Inflammation agrees with active hyperæmia in the tendency to dilation of the vessels and an increased flow of blood to the part or if the irritated part is nonvascular like the cornea or articular cartilage, then to the parts adjacent. It differs, however, in the more active cell proliferation, and in the nature of the liquid transudation which is richer in albumen fibrine, cells and phosphates. Abstractly the inflamed part retains very active vital processes, trophic and exudative, but these, are largely changed from the normal and are, it is claimed, perverted, yet they preside over the processes of cell growth and decay, the removal of injured or useless tissue, and later, over the building up of new material, and repair of loss. Active hyperæmia on the other hand is mainly a circulatory disorder, and when it advances so as to determine changes in the cells and tissues it is held to have merged into inflammation.

The term inflammation (from inflammo, I set on fire), is suggestive of the local heat of the inflamed part, just as fever (febris) indicates an elevation of the temperature of the body at large. Celsius enumerated the features of rubor, calor, dolor and tumor (redness, heat, pain and swelling) which have come down to our own time as at least suggestive of inflammation. But any diagnosis, based on these alone, would be today woefully inadequate.

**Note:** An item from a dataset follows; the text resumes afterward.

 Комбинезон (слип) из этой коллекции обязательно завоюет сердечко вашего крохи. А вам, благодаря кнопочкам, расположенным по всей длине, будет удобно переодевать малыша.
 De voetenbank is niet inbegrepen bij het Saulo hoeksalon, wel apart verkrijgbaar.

Redness occurs in the transient blush, heat in the febrile state, though no inflammation can be recognized, pain is present in neuralgic and other nervous affections, and swelling in dropsy and tumor. On the other hand redness is entirely absent, for a time, after the outset of inflammation in nonvascular tissues (cornea, articular cartilage), the heat of the inflamed part may be actually lowered when there is much exudation around the capillary vessels and lessened flow of blood, pain may be absent in some circumscribed inflammations of the lungs, and swelling is not at first visible in the inflamed cornea or compact bony tissue. These phenomena which are so common in inflammation and, in general so characteristic of it, cannot therefore be accepted as infallible evidence of its existence, nor can their absence be held as absolutely implying its nonexistence.

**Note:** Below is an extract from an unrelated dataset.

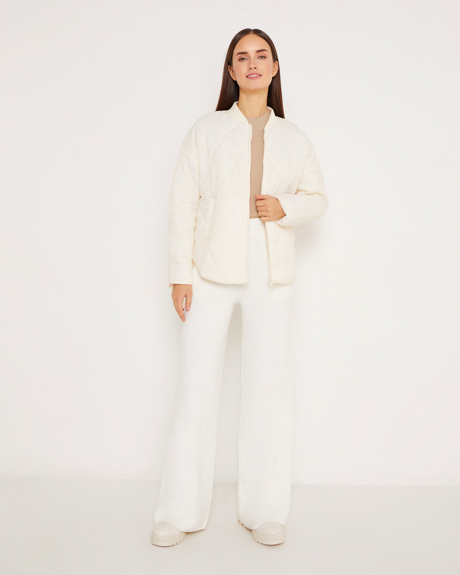 Стеганая куртка-бомбер с рукавами-реглан и прорезными карманами. Застежка на молнии.Эта модель заняла почетное место в гардеробе всех модниц и не сдает свои позиции уже несколько сезонов. Сочетать ее можно как со строгими офисными брюками и прямыми юбками, так и дополнить ей спортивный образ с леггинсами или джоггерами. Состав: 100% полиамид, подклад: 100% полиэстер Параметры модели: рост 170 см, грудь 79 см, талия 59 см, бедра 88 см

Forms of Inflammation. This morbid process might be divided almost indefinitely according to the organ invaded, the cause, and type, yet it will be more convenient to deal with it generically and notice inflammation in nonvascular and vascular tissues respectively, and the different types of granular degeneration, exudative inflammation and croupous inflammation. It will be requisite further to notice an acute and a chronic type.

By dealing first with the changes in the anatomical elements of the tissues and in the innervation, we shall virtually cover the phenomena observed in nonvascular tissues, and later the changes in connection with the circulatory system will give the additional characteristics of inflammation in vascular tissues.

CHANGES IN THE TISSUE ELEMENTS.

Death of cells and tissue. By the application of an irritant (acid, heat, etc.,) a certain thickness of tissue with its enclosed cells is killed, and a thin layer of necrosis is usually produced. This does not constitute inflammation, but it acts as a foreign body, often septic, in producing inflammation in the parts adjacent.

Cloudy Swelling, Granular Degeneration. This may occur in the inflamed area surrounding the necrosed tissue in the seat of a burn or other injury, it is exceedingly common in the cells of inflamed parenchymatous tissue (liver, kidney), in the muscle of the heart, in the gastro-intestinal mucosa, in febrile affections and in poisoning with arsenic, phosphorus, or mineral acids. The gross appearance of the tissue is that of swelling, with a dull grayish color and a loss of its normal translucency. The cells of the affected organs are seen under the microscope to be filled with small albuminous granules which may be so abundant as to completely conceal the cell structure. The granules are insoluble in ether, but disappear under acetic acid. This condition of the cells is often associated with the exudative forms of inflammation.